Activity: Could you retype exactly the lines below between the one holding "Summary: Embrace soft" and the one holding "Sala de prensa", inclusive, leaving out any pictures?

Information provided START

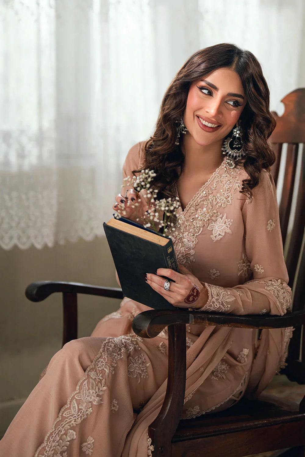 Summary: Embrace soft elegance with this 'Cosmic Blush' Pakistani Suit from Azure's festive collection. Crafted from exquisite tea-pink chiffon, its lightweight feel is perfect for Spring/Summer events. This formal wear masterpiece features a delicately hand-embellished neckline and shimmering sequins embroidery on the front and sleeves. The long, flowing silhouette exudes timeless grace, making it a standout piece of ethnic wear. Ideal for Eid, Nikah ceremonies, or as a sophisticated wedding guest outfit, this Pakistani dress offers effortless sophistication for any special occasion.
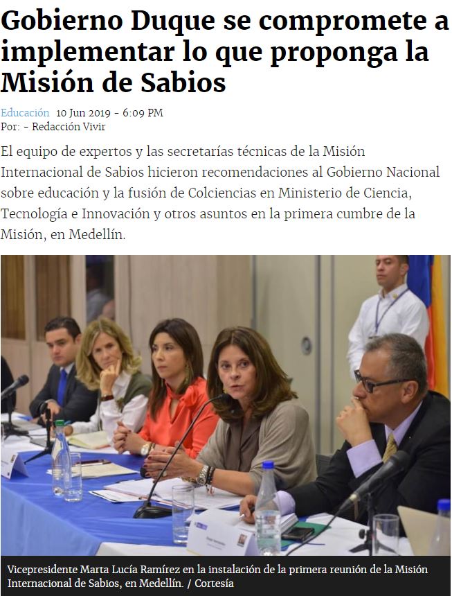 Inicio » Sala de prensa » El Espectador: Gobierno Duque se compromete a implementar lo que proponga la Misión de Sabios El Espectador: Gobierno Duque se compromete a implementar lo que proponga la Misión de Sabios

Information provided END
Information provided START

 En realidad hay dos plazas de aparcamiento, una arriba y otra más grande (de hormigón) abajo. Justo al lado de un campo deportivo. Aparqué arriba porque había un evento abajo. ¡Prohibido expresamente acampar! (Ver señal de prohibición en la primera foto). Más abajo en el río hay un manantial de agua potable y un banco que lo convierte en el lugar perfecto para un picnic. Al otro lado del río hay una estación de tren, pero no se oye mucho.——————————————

Information provided END

Task output:
 Summary: Embrace soft elegance with this 'Cosmic Blush' Pakistani Suit from Azure's festive collection. Crafted from exquisite tea-pink chiffon, its lightweight feel is perfect for Spring/Summer events. This formal wear masterpiece features a delicately hand-embellished neckline and shimmering sequins embroidery on the front and sleeves. The long, flowing silhouette exudes timeless grace, making it a standout piece of ethnic wear. Ideal for Eid, Nikah ceremonies, or as a sophisticated wedding guest outfit, this Pakistani dress offers effortless sophistication for any special occasion.
 Inicio » Sala de prensa » El Espectador: Gobierno Duque se compromete a implementar lo que proponga la Misión de Sabios El Espectador: Gobierno Duque se compromete a implementar lo que proponga la Misión de Sabios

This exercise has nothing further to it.